When my sister first told me she was thinking about becoming a surrogate, I wasn’t quite sure what to think or say. Quite frankly, I said all of the wrong things in the moment. I straight up told my sister I would not support her through this journey. A lot of this was because I was scared that something bad might happen to her and how it would affect her kids. I was also being VERY selfish and was more concerned that she wouldn’t be able to help with my wedding as much as I wanted her to, or that she might be pregnant at my wedding and wouldn’t have as much fun. I was also worried that she wouldn’t be able to come visit her nephew as much as I had visited my nieces and nephew in the past couple of years. I wanted my sister and son to have the same connection that I do with her kids and didn’t think it would be possible if she were pregnant with someone else’s child. I had so many different emotions each time I thought about it.
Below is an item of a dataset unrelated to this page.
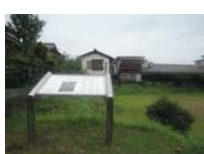
0092_錦織遺跡第1地点・上の段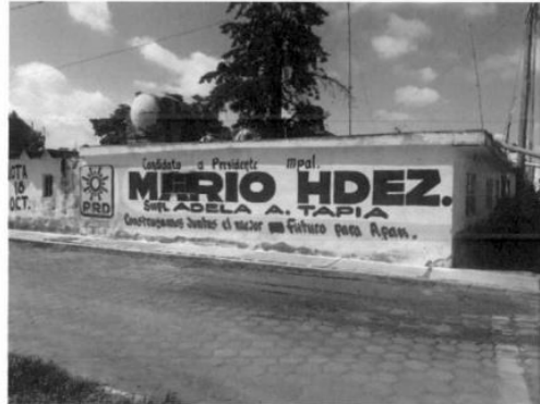
9. Comunidad Chimalpa - Tlalayote, coordenadas geográficas 19°39'56.6"N 98°30'29.7"W.

Looking back on all of this now, I was extremely naive to what surrogacy entailed and how great of a gift it would be for a family lucky enough to match with someone as selfless as my sister. I have to admit, I do still find myself thinking about the worst case scenario sometimes, but I know those risks are there in any pregnancy, and my sister has proven in previous pregnancies that she is a pro.

Now let’s skip forward five or six months, here I am one of the biggest supporters of my sister (as well as her family) and C & J. Squishy is making himself (no I don’t know anything – I am just predicting boy!) comfortable in his temporary home and I get to be a part of it all! C and I have messaged back and forth quite a bit in the last couple of months and it was finally time for me to head to Manitoba September long weekend to meet both C & J.

As I pulled up to my parents’ house after a 9-hour drive I found myself feeling nervous about meeting C & J. Do I hug them? Do I shake their hand? What was I supposed to do in this situation??? In I went and my awkward self basically walked right into C’s arms and gave her a big hug. Though J and I hadn’t had the chance to talk at all before I couldn’t resist hugging him, too. Within the first 10 minutes of being home it felt like we had all known each other for years and it was completely natural.

After spending a couple of days with C & J it became very clear to me that they were the most deserving people and my sister could not have picked a better pair. They have fought so hard for this and I cannot believe that in less than 10 weeks C & J will make the drive back to Manitoba to finally meet Squishy!

Lots of love to C, J, the farm and Squishy!